[Work to complete] The line containing "三頭母獅為保護幼崽合力咬死鱷" and every line after it to the end of the records: set those down exactly, without any pictures.
#####
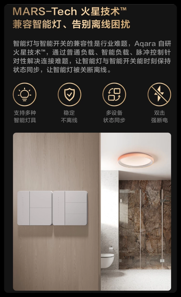 智能灯与智能开关的兼容一致都是行业性的难题,Aqara自研火星技术,通过普通负载、智能负载、脉冲控制针对性解决连接问题,让智能灯与智能开关可以时刻保持状态同步
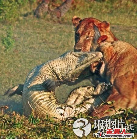 三頭母獅為保護幼崽合力咬死鱷魚 南非58歲的心臟病學家托尼·戈德曼于2011年1月在博茨瓦納旅行時拍攝到了一組令人震撼的照片,反映的是三頭母獅圍攻一只鱷魚并最終將其殺死的情景。
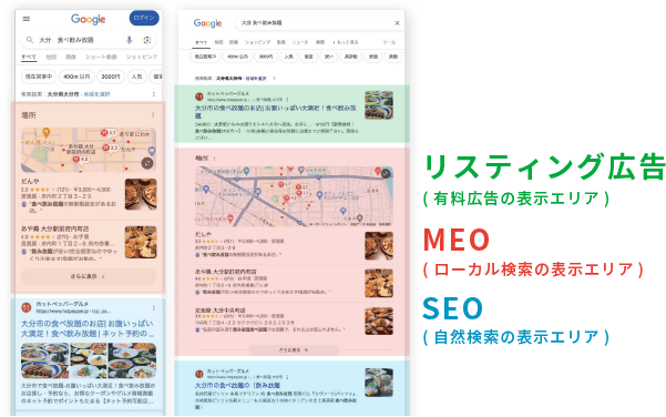 「広告」や「自然検索」より上部に「ローカルパック(MEO)」が
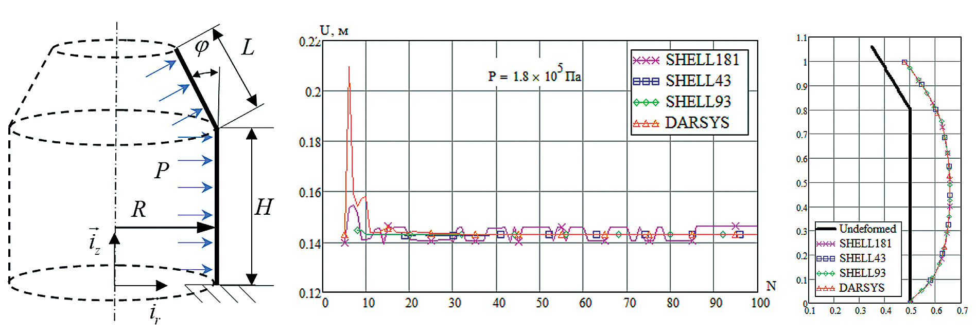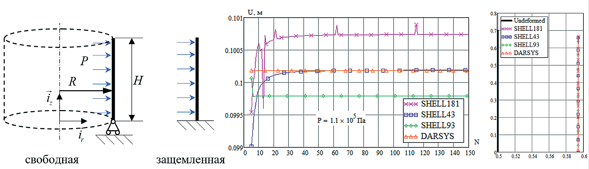 Рис. 4. Цилиндрическая оболочка. Результаты расчета.
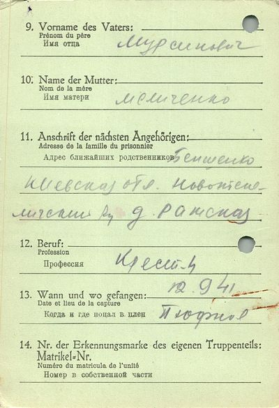 Военнопленные, трофейные карточки. Киевская обл.
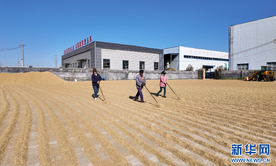 11月18日,在濮阳市范县杨集乡,工人们正在翻晒新收的稻谷。李博 摄
#####
[Task answer]
 三頭母獅為保護幼崽合力咬死鱷魚 南非58歲的心臟病學家托尼·戈德曼于2011年1月在博茨瓦納旅行時拍攝到了一組令人震撼的照片,反映的是三頭母獅圍攻一只鱷魚并最終將其殺死的情景。
 「広告」や「自然検索」より上部に「ローカルパック(MEO)」が
 Рис. 4. Цилиндрическая оболочка. Результаты расчета.
 Военнопленные, трофейные карточки. Киевская обл.
 11月18日,在濮阳市范县杨集乡,工人们正在翻晒新收的稻谷。李博 摄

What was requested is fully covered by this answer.